Re:View – ‘Mr Nobody’

The Arts


I’m afraid that this column is fast turning into a collection of favourite quirky films.

If ever there was a movie that showed the divide between Europe and Hollywood, ‘Mr Nobody’ is it. This mindbending, award-winning epic by Jaco Van Dormeil, the Belgian director of ‘Toto The Hero’ and ‘The Eighth Day’, gets just a handful of US reviews online, all of them filled with hatred. One describes it as ‘the most horrifically boring film of all time’. Van Dormeil only makes one film a decade, so it seems appropriate that this film spans two centuries.

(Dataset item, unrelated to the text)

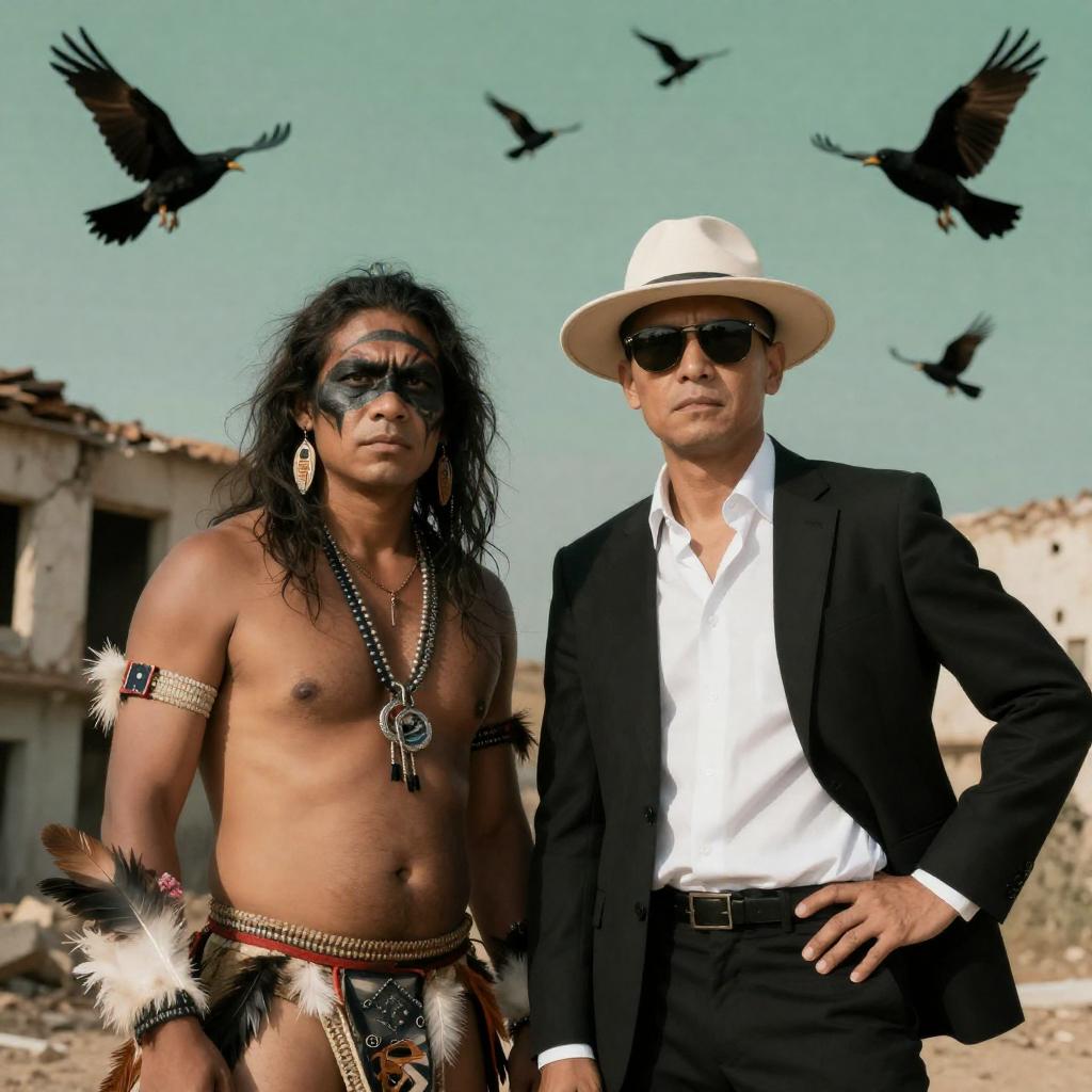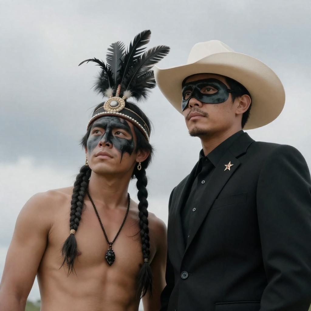 Photograph of two men against a cloudy sky. One man wears a black suit, white cowboy hat, black mask, and star pin. The other man has black face paint, feathered headgear with black feathers, long braids, and a dark necklace. The man in the suit stands to the right, the man with face paint to the left, both looking ahead.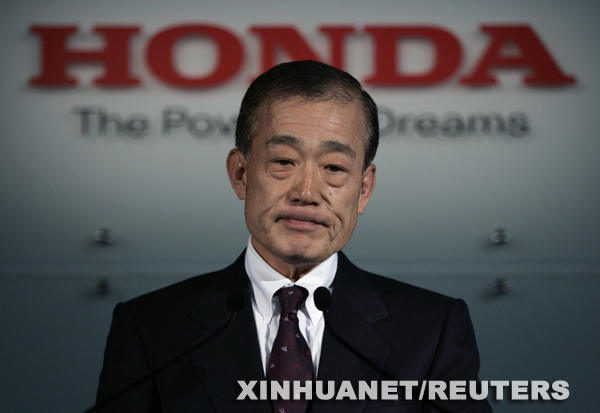 12月17日,本田汽車公司總裁福井威夫出席在日本東京總部舉行的年度新聞發布會。受全球經濟不景氣以及近期日元升值等因素影響,本田當天宣布第三次調低其年度營業利潤預期目標至1800億日元(20億美元),較以前的預期減少60%多。新華社/路透

Clearly, though, there are Hollywood precedents for such a feat, in ‘Eternal Sunshine Of The Spotless Mind’ and ‘Synecdoche New York’ (neither successful), in the British ‘Sliding Doors’ and even the director’s own ‘Toto The Hero’. Breathtaking, brave and complex, this is nothing less than an explanation of life itself. It’s the story of Nemo, who at the age of nine must decide which of his parents to stay with. His decision not to decide precipitates him into four separate possible lives and an infinity of possibilities, which he traverses back and forth, finding and losing loved ones, his happiness or failure hinging on the tiniest chance, so that he eventually survives into the future to become the oldest living man, and eventually visits Mars.

One of the most visually arresting films ever made, ‘Mr Nobody’ has touches of Kubrick and Vonnegut, but is wholly Van Dormeil’s film. At two and a half hours it’s a tad long and occasionally confusing, but all is eventually explained in its own way, and every visual tic has a special meaning. Any tale that features youth, romance, infatuation, death, string theory, eternal life, the reversal of the universe and a thousand bicycles floating in space deserves to be seen, and not given snitty reviews by a handful of reviewers who clearly have no way of processing what they’ve just seen.

The film is available on DVD. It’s in English, and has mostly British and Belgian actors. I can see why it might annoy some, and enter the Top Ten lists of others – try it for yourself.

2 comments on “Re:View – ‘Mr Nobody’”

  1. Helen Martin says:

    That makes three stories with “Nobody” as a character: The Odyssey, this one and (Blast!) that one with the submarine and Capt. Nemo. We all wonder how our lives would differ if we had made different choices. Why shouldn’t all the choices make a good film?

  2. Helen Martin says:

    Twenty Thousand Leagues Under the Sea – or how ever many leagues it was. Why couldn’t I remember it yesterday.